## Work instruction
Exact reproduction, images excluded: write out the records below.

## Information supplied
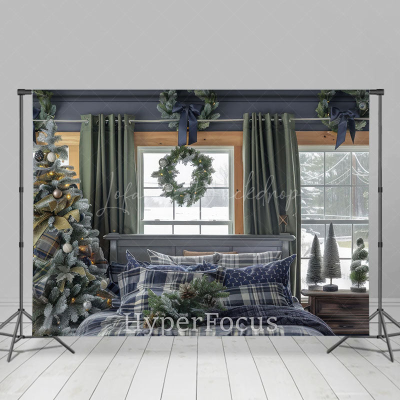 Lofaris Blau Plaid Bett Vorhang Fenster Weihnachten Hintergrund
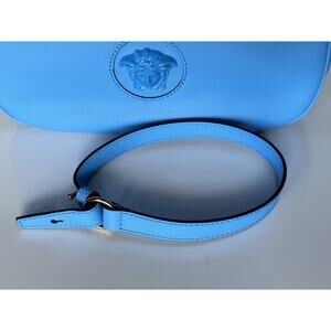 NWT $1875 Versace Medusa Head Calf Leather Blue Medium Hobo Bag 1000699 IT
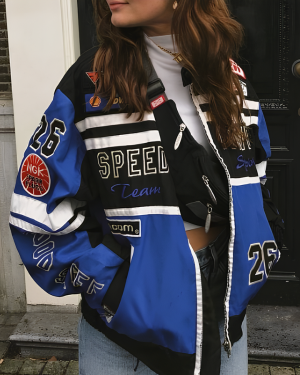 Realizzata in cotone e poliestere con imbottitura interna per un comfort ottimale. Design ispirato alle giacche vintage F1, con zip resistente e dettagli ricamati di qualità.
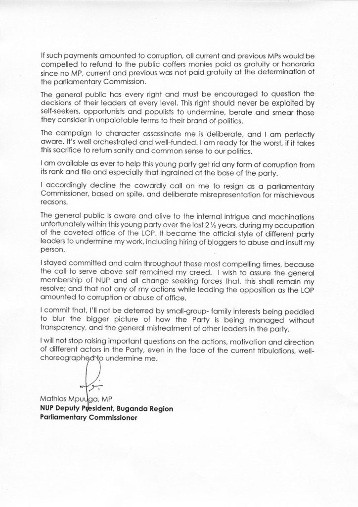 According to the press statement from NUP, during the meeting, Mpuuga admitted that he indeed took part in the said allocation of money and apologized for the same.
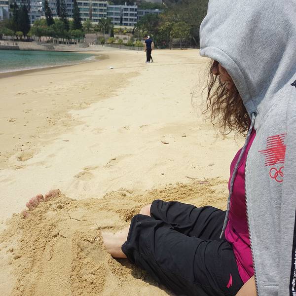 抓不住的沙坐下来休息一会,看看海也好,强烈建议大家带垫子或者布来坐
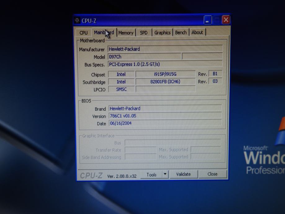 Matična ploča: Hewlett-Packard 097Ch, chipset Intel i915P/i915G, BIOS 786C1 v01.05
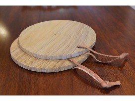 Very unique and hard to find pair of natural Sandstone serving boards with leather straps. Use these eco-friendly, durable boards individually or together to create appetizer stations for gatherings.
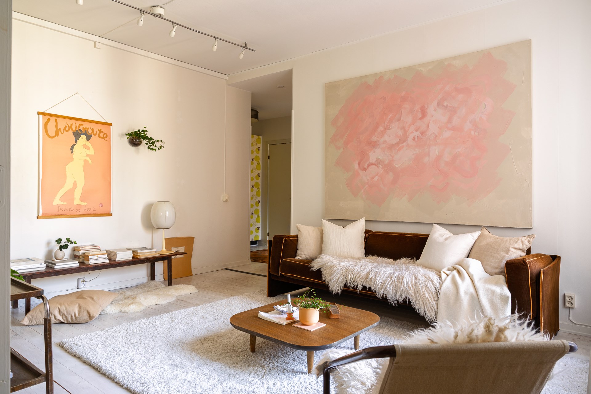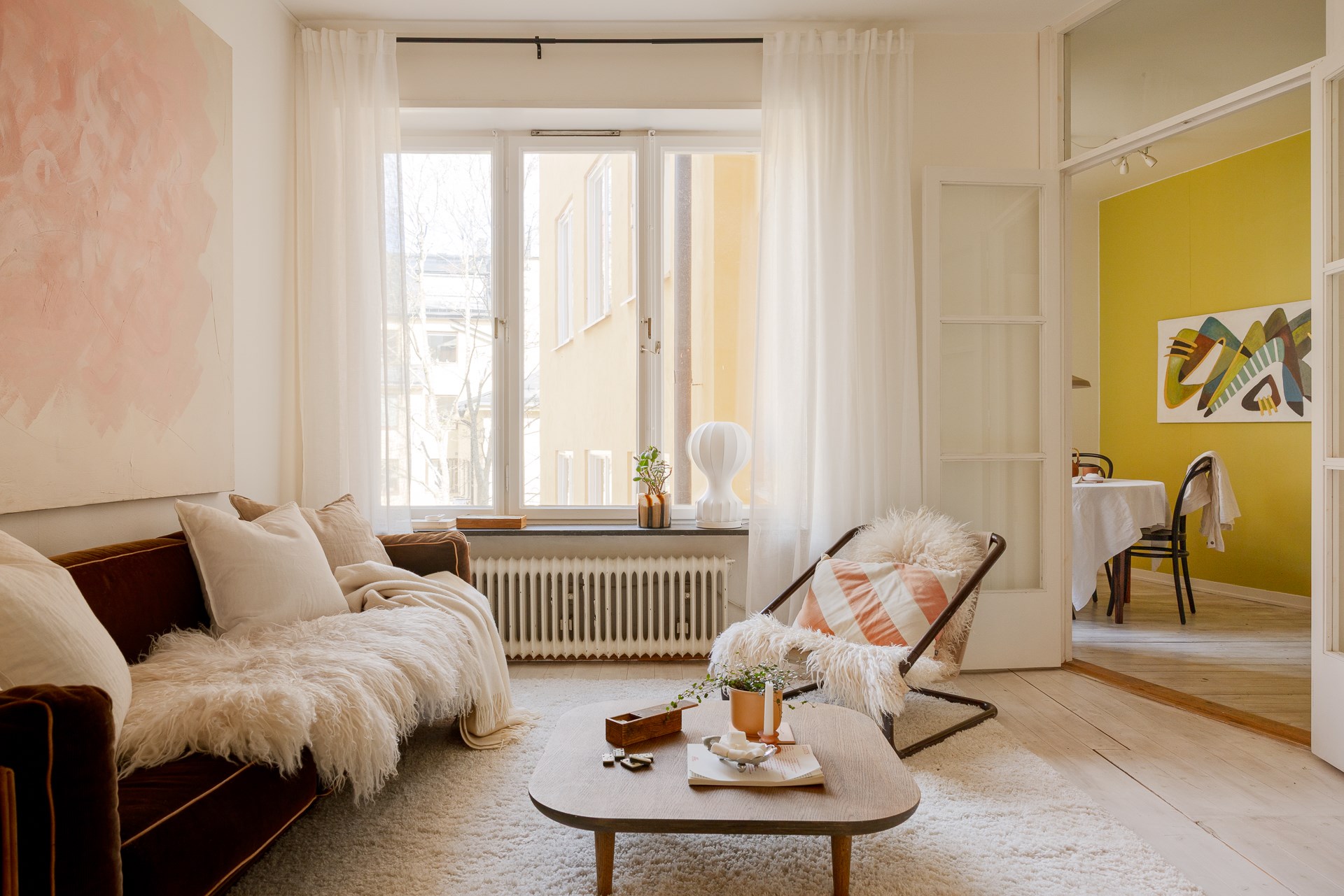 Ljust och luftigt vardagsrum med generöst ljusinsläpp från stort fönsterpartier mot lugn innergård. Rummet är lättmöblerat och rymmer såväl soffgrupp som mediamöbel och ytterligare möblemang efter behov.

## Response box
 Lofaris Blau Plaid Bett Vorhang Fenster Weihnachten Hintergrund
 NWT $1875 Versace Medusa Head Calf Leather Blue Medium Hobo Bag 1000699 IT
 Realizzata in cotone e poliestere con imbottitura interna per un comfort ottimale. Design ispirato alle giacche vintage F1, con zip resistente e dettagli ricamati di qualità.
 According to the press statement from NUP, during the meeting, Mpuuga admitted that he indeed took part in the said allocation of money and apologized for the same.
 抓不住的沙坐下来休息一会,看看海也好,强烈建议大家带垫子或者布来坐
 Matična ploča: Hewlett-Packard 097Ch, chipset Intel i915P/i915G, BIOS 786C1 v01.05
 Very unique and hard to find pair of natural Sandstone serving boards with leather straps. Use these eco-friendly, durable boards individually or together to create appetizer stations for gatherings.
 Ljust och luftigt vardagsrum med generöst ljusinsläpp från stort fönsterpartier mot lugn innergård. Rummet är lättmöblerat och rymmer såväl soffgrupp som mediamöbel och ytterligare möblemang efter behov.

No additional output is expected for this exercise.